** Given records follows **
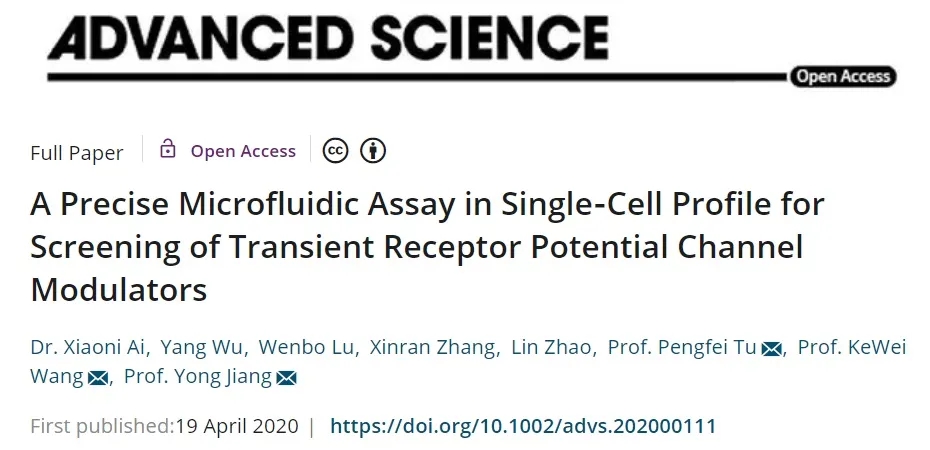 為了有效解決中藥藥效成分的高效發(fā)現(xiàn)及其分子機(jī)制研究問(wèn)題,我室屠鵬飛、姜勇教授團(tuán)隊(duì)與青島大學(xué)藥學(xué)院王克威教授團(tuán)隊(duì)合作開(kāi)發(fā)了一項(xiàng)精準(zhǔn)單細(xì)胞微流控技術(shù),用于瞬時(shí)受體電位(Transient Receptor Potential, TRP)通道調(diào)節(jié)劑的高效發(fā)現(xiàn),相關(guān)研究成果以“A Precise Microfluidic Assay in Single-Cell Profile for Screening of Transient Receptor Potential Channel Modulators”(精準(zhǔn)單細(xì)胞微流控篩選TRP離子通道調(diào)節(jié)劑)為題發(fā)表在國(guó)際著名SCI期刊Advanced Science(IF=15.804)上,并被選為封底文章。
** End of Given records **
** Given records follows **
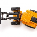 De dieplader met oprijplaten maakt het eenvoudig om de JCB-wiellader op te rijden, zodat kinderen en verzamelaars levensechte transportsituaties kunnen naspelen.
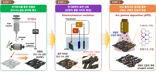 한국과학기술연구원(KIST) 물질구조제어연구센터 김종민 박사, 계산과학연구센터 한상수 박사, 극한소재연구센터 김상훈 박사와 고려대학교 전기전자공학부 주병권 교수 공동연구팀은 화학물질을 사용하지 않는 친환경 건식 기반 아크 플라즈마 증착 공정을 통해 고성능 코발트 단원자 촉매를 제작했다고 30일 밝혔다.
** End of Given records **
# Work to complete:
Using the records above, repeat exactly the run of lines that starts with the line with "De dieplader met" and goes on through the line with "한국과학기술연구원(KIST) 물질구조제어연구센터 김종민"; omit each picture.

# Solution:
 De dieplader met oprijplaten maakt het eenvoudig om de JCB-wiellader op te rijden, zodat kinderen en verzamelaars levensechte transportsituaties kunnen naspelen.
 한국과학기술연구원(KIST) 물질구조제어연구센터 김종민 박사, 계산과학연구센터 한상수 박사, 극한소재연구센터 김상훈 박사와 고려대학교 전기전자공학부 주병권 교수 공동연구팀은 화학물질을 사용하지 않는 친환경 건식 기반 아크 플라즈마 증착 공정을 통해 고성능 코발트 단원자 촉매를 제작했다고 30일 밝혔다.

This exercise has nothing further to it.